I was writing integration tests and I wanted to re-use some model classes instead of dictionaries. Here's how I did it.

· Web Dev Zone ·
Free Resource

While messing with dictionaries to create form data for FormUrlEncodedContent to see I could send data to a server using an HTTP client, I started thinking about easier and cleaner ways to do it. I was writing integration tests and I wanted to re-use some model classes instead of dictionaries. Here's how to do it. Sample integration test is incluced.

Those who are currently writing integration tests for some ASP.NET Core web applications may also find the following writings interesting:

Problem

I write integration tests for ASP.NET Core web application. There are tests that use HTTP POST to send some data to a server. I can create a POST body as shown here.

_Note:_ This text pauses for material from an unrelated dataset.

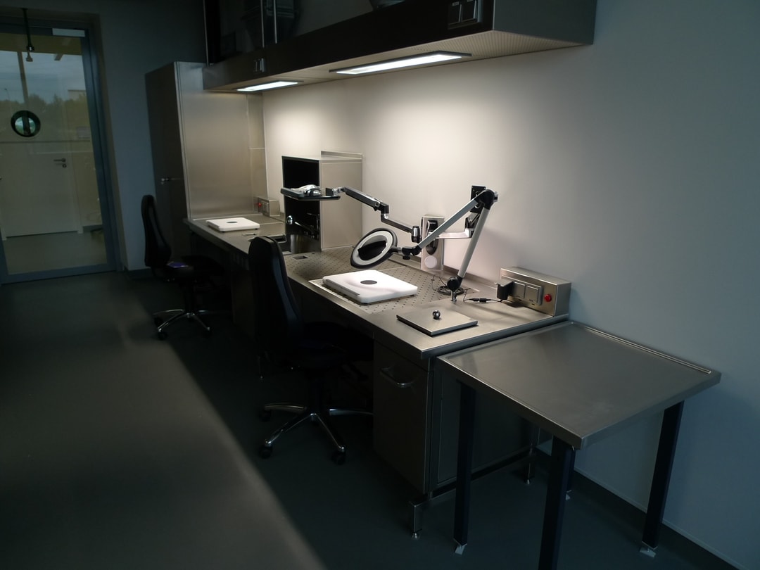 In Anatomie- und Pathologiebereichen geht die eigentliche Gefahr für den Untersuchenden nicht von den „gehandhabten Arbeitsstoffen“ aus. Bei unbekanntem Infektionsstatus muss zwar auch große Vorsicht an den Tag gelegt werden, was aber mit leichter PSA (Mundschutz, Handschuhe) erreicht werden kann. Die größere Gefahr für Menschen, die täglich in derartigen Bereichen arbeiten, geht jedoch von einem Hilfsstoff aus, dem Formalin. Zum Schutz vor Formalin werden Autopsietische und Zuschneidetische in der Pathologie stets nach unten abgesaugt und mit einem Laminar-Flow Modul oberhalb des Tisches ausgestattet.

var formDictionary = new Dictionary<string, string>();
formDictionary.Add("Id", "1");
formDictionary.Add("Title", "Item title");
 
var formContent = new FormUrlEncodedContent(formDictionary);
 
var response = await client.PostAsync(url, formContent);

I don't like this code and I would use it only if other options turn out to be less optimal. Instead, I want something like this:

var folder = new MediaFolder { Id = 1, Title = "Folder title" };
 
var formBody = GetFormBodyOfObject(folder);
 
// Act
var response = await client.PostAsync(url, fromBody);

Or why not something more elegant like the code here:

var folder = new MediaFolder { Id = 1, Title = "Folder title" };
 
// Act
var response = await client.PostAsync(url, folder.ToFormBody());

This way I can use model classes from web applications because these classes are used on forms anyway to move data between a browser and a server. If otherwise breaking changes are introduced then the compiler will tell me about it.

Serializing Objects to Dictionary<string,string>

Thanks to Arnaud Auroux from Geek Learning, we have a ready-made solution. The ToKeyValue() method by Arnaud turns objects to JSON and then uses the Newtonsoft.JSON library to convert the object toa  dictionary like the FormUrlEncodedContent class wants.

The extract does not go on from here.